Baissant la voix, elle chuchota :
— J’ai pensé que Montgomery serait peut-être furax avec tout ce sang sur les draps.
— Montgomery ne s’abaisserait jamais à une colère aussi peu raffinée. Il montrerait
quelque signe d’irritation froidement distinguée, peut-être.

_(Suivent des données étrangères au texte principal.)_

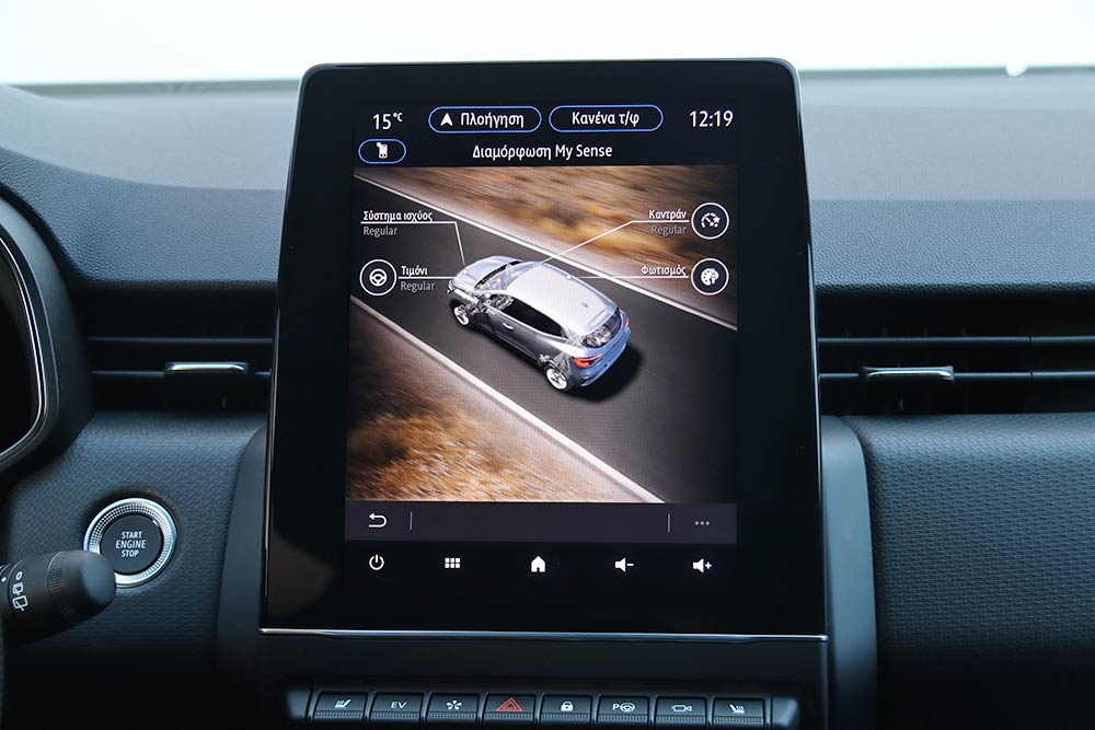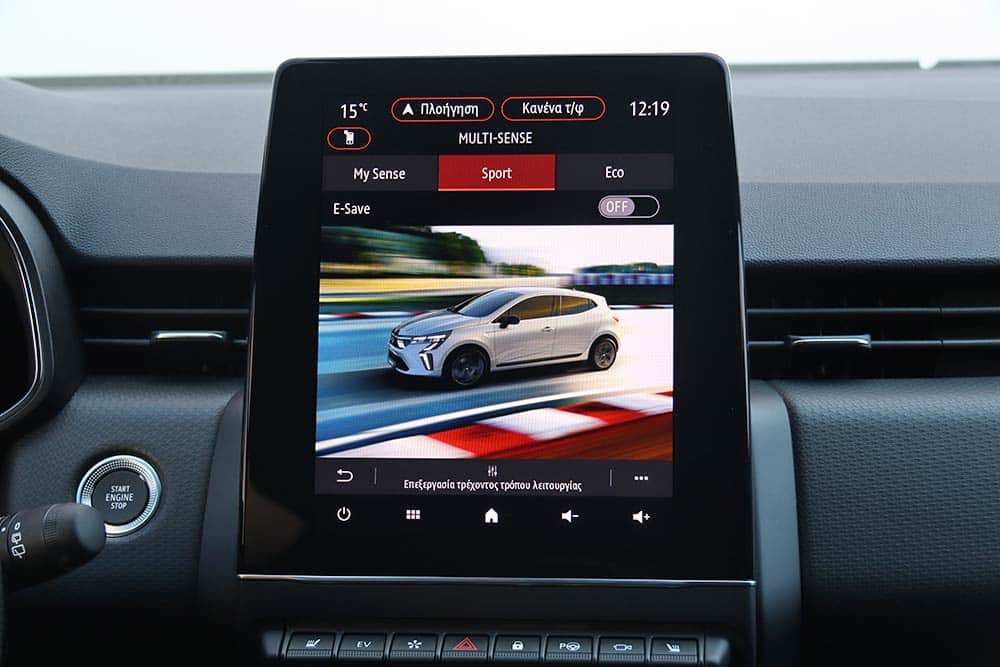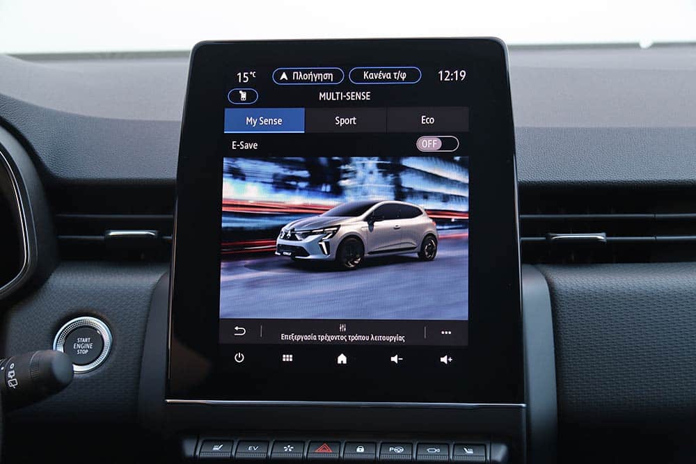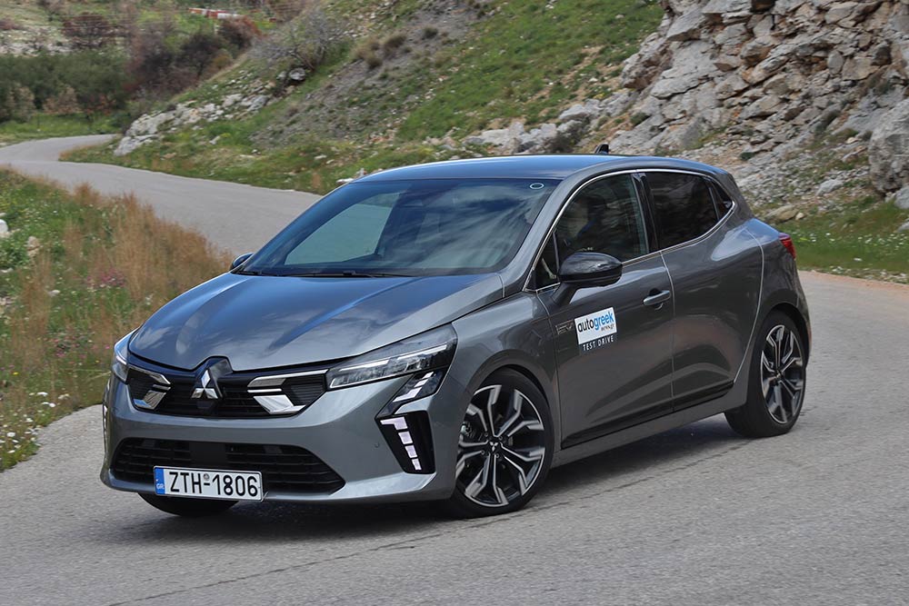 Ίδια ακριβώς εικόνα και στο εσωτερικό. Μόνο το σήμα στο τιμόνι και οι ονομαστικές αναφορές (μάρκα, μοντέλο) στο σύστημα πολυμέσων σου δίνουν να καταλάβεις πως εδώ είναι Mitsubishi, όχι Renault. Όλα τα άλλα είναι παρμένα απευθείας από το Clio – κάτι εξ ολοκλήρου θετικό βεβαίως, καθότι μιλάμε για μια από τις καλύτερες καμπίνες της κατηγορίας. Η οθόνη αφής των 9,3 ιντσών (7 ίντσες στις πιο κάτω εκδόσεις) δεσπόζει στο κέντρο του ταμπλό, διαθέτοντας εξαιρετικά γραφικά και εντυπωσιακό interface μεταξύ των προγραμμάτων οδήγησης. Ο ψηφιακός πίνακας οργάνων των 10 ιντσών (επίσης προαιρετικό) βελτιώνει κατακόρυφα το περιβάλλον μπροστά από τον οδηγό, ενώ το χορταστικό και μαλακό υλικό του ταμπλό παραπέμπει -κυριολεκτικά- σε αυτοκίνητο μεγαλύτερης κατηγορίας. Κάτι που δεν διστάζουν να κάνουν και οι χώροι, οι οποίοι είναι εξαιρετικοί για 4 άτομα και υπό κανονικές συνθήκες για τις αποσκευές τους, με 391 λίτρα διαθέσιμου πορτμπαγκάζ. Η μπαταρία στο full hybrid όμως κόβει πολύ χώρο, περιορίζοντας τη χωρητικότητα στα 301 λίτρα.

Elena savait qu’ils auraient dû retourner aider leur peuple à reconstruire leur ville,
mais elle leva la main pour dessiner le contour de la marque à sa tempe de ses doigts
rendus râpeux par le travail auquel ils s’étaient tous livrés. Il se tourna légèrement sous son
contact comme il le faisait toujours, son Archange qui n’avait jamais voulu qu’elle soit autre
chose que ce qu’elle était.
— On dirait bien que nous avons une sacrée quantité d’aventures flippantes qui nous
attendent.
— Nous ne nous ennuierons certainement pas.
Le baiser de Raphael était possessif, ses ailes s’ouvrant pour les laisser exposés, et
lorsqu’il prit Elena par la taille et les fit décoller dans le ciel envahi par la neige, leurs lèvres
encore scellées, elle ne protesta pas. Pourtant, elle aurait pu sourire et rougir en
l’embrassant sous tous les sifflements qui volèrent jusqu’à eux, suivis par des exclamations
d’encouragement.
La Cascade était en pleine progression. Le monde devenait un lieu fou où les rivières se
faisaient de sang et où les morts marchaient, pendant que les Archanges obtenaient des
pouvoirs qui attestaient qu’ils faisaient partie de l’essence même du monde. Les monstres
risquaient bien une fois encore d’être lâchés sur la Terre et la méchante sorcière allait
probablement revenir à la vie en gloussant pour s’unir avec sa meilleure amie la maladie.
Malgré tout cela, à cet instant, avec la neige qui tombait doucement autour de son
affilié et d’elle, leur ville vivante, Elena ne voulait qu’être là, à cet endroit et à ce moment
précis. Et, elle le savait, il en allait de même pour l’Archange qui l’embrassait au-dessus de
Manhattan, la tenant en sécurité dans ses bras.